计算机工程与应用 ›› 2024, Vol. 60 ›› Issue (8): 192-201.DOI: 10.3778/j.issn.1002-8331.2304-0401

• 图形图像处理 • 上一篇    下一篇

轻量化YOLO-v7的数显仪表检测及读数

章芮宁,闫坤,叶进   

  1. 1.桂林电子科技大学,广西 桂林 541004
    2.广西大学,南宁 530004
  • 出版日期:2024-04-15 发布日期:2024-04-15

Lightweight YOLO-v7 for Digital Instrumentation Detection and Reading

ZHANG Ruining, YAN Kun, YE Jin   

  1. 1.Guilin University of Electronic Technology, Guilin,Guangxi 541004, China
    2.Guangxi University, Nanning 530004, China
  • Online:2024-04-15 Published:2024-04-15

摘要: 由于较大的参数体量和较高的计算复杂度,通用检测及识别模型直接在移动端部署的难度较高。为解决这个困难,研究了移动设备上使用计算机视觉的仪表检测及读数方法。针对实际工业生产环境下检测及识别的需求,基于YOLO-v7重新设计了轻量化的仪表检测网络以及字符检测及识别网络。利用深度可分离卷积进一步降低计算复杂度,压缩模型大小。
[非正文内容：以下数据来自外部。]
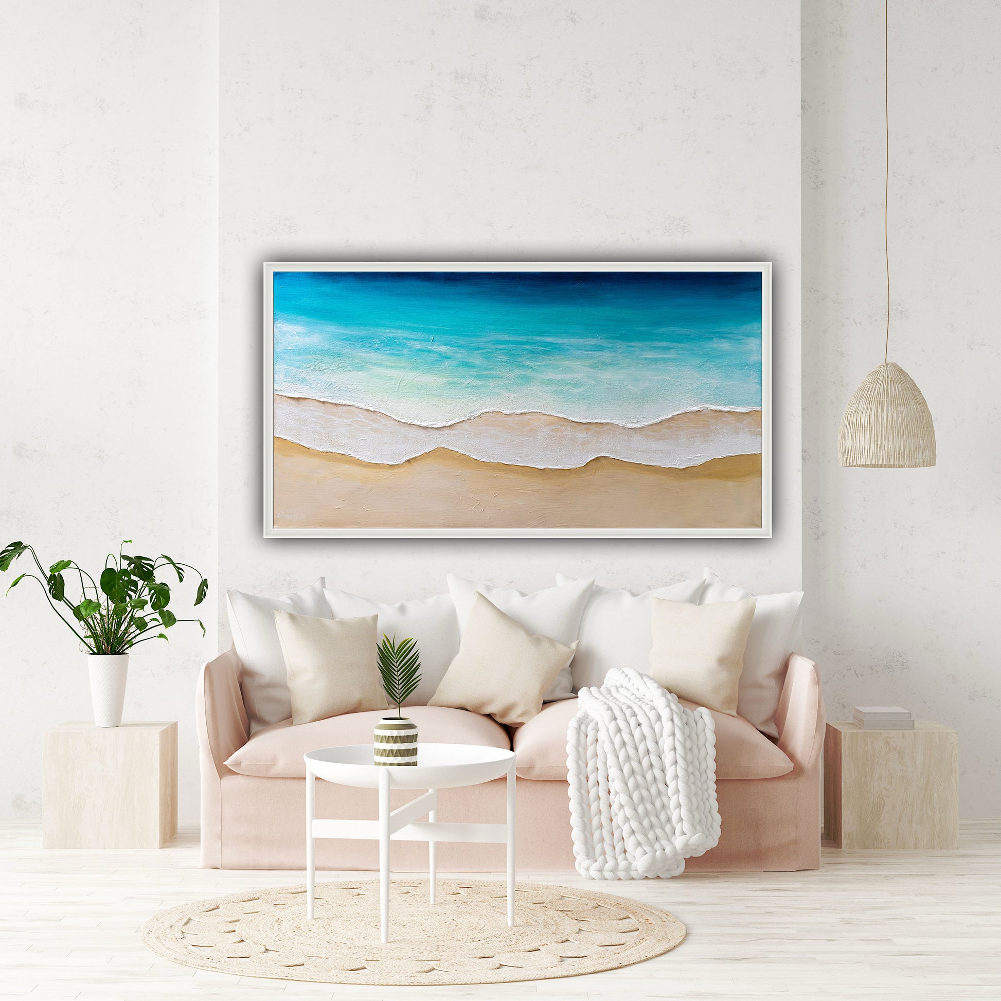 Size matters! Artwork has presence and affects the atmosphere in a space. The size of the artwork is significant, and its size does matter when it comes to visual impact. If the space is large, it’s recommended to choose a painting in a suitable size that won’t disappear within the room. You can consider combining two paintings or creating a wall collage. Pay attention to what you love about the size of the artwork and how it complements the room’s overall design and visual appeal.

采用K-means++聚类算法加遗传算法自动产生初始锚框。使用通道剪枝,再一次压缩模型。实验结果证明,专用网络模型设计、深度可分离卷积以及通道剪枝对减少模型参数体量和降低算力需求具有显著效果。参数数量相较于原始YOLO-v7模型均下降了99.67%,模型算力需求均降至0.3?GFLOPs,下降了99.71%。实验中平均图片检测时间为10.7?ms。各网络的平均精准度(mAP0.5)达到了99.63%和99.53%。系统整体读数精确度达98.44%。

关键词: 数显仪表, YOLO-v7, 深度可分离卷积, 模型压缩, 通道剪枝

Abstract: Due to the large parameter volume and high computational complexity, it is difficult to deploy generic detection and recognition models directly on mobile. To address this difficulty, a method for instrument detection and reading using computer vision on mobile devices is investigated. A lightweight meter detection network and a character detection and recognition network are redesigned based on YOLO-v7 to address the needs of detection and recognition in real industrial production environments. The depth-separable convolution is then used to further reduce the computational complexity and compress the model size. Then a K-means++ clustering algorithm plus a genetic algorithm is used to automatically generate the initial anchor box. Finally, channel pruning is used to compress the model once more. The experimental results demonstrate that the dedicated network model design, deep separable convolution and channel pruning have a significant effect on reducing the size of the model parameters and reducing the computational power requirements. The numbers of parameters are both decreased by 99.67% compared to the original YOLO-v7 model, and the model arithmetic requirements are both reduced to 0.3?GFLOPs, a decrease of 99.71%. The average image detection time in the experiments equals to 10.7?ms. The average accuracy (mAP0.5) of each network reaches 99.63% and 99.53%. The overall system reading accuracy reaches 98.44%.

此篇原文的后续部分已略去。